:: What is needed ::
What lines below contain the word "идентичности"? Please pull each one out.

:: Dataset entries ::
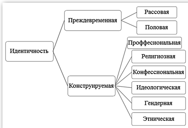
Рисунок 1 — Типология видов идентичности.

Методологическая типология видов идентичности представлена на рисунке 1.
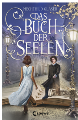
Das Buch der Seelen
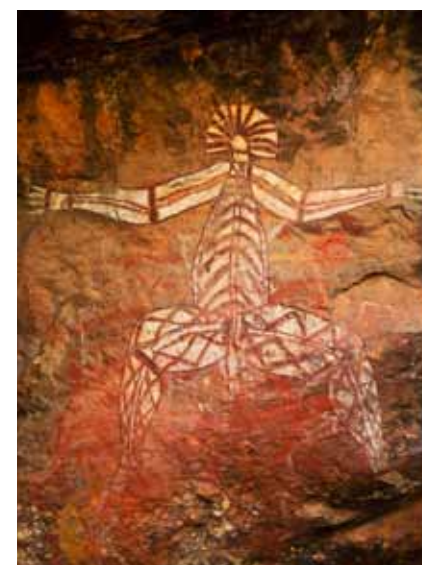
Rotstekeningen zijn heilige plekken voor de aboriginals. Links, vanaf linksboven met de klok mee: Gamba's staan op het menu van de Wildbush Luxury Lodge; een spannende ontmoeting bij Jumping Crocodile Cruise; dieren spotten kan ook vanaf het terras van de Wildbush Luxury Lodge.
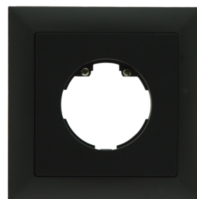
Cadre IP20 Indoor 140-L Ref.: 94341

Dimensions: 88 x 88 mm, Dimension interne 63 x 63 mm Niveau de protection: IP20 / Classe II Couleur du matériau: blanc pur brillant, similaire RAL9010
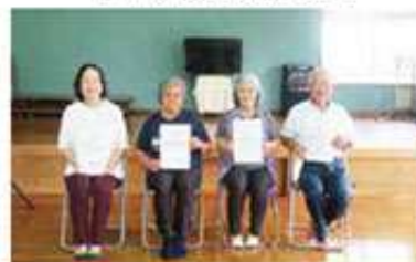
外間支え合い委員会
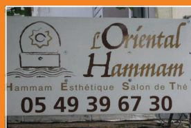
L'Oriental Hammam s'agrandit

==

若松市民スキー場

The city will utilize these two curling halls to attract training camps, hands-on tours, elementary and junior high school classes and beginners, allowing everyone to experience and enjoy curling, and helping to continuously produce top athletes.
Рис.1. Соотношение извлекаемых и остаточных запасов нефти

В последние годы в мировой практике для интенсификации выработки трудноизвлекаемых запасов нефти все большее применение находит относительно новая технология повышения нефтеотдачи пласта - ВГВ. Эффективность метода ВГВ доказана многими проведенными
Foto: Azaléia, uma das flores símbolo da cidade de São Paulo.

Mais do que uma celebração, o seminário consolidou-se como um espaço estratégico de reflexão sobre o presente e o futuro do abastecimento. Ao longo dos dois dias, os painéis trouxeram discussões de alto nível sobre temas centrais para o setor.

* * *

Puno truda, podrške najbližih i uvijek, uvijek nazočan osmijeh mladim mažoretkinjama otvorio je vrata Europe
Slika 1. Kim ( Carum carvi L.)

:: Completed task ::
Рисунок 1 — Типология видов идентичности.
Методологическая типология видов идентичности представлена на рисунке 1.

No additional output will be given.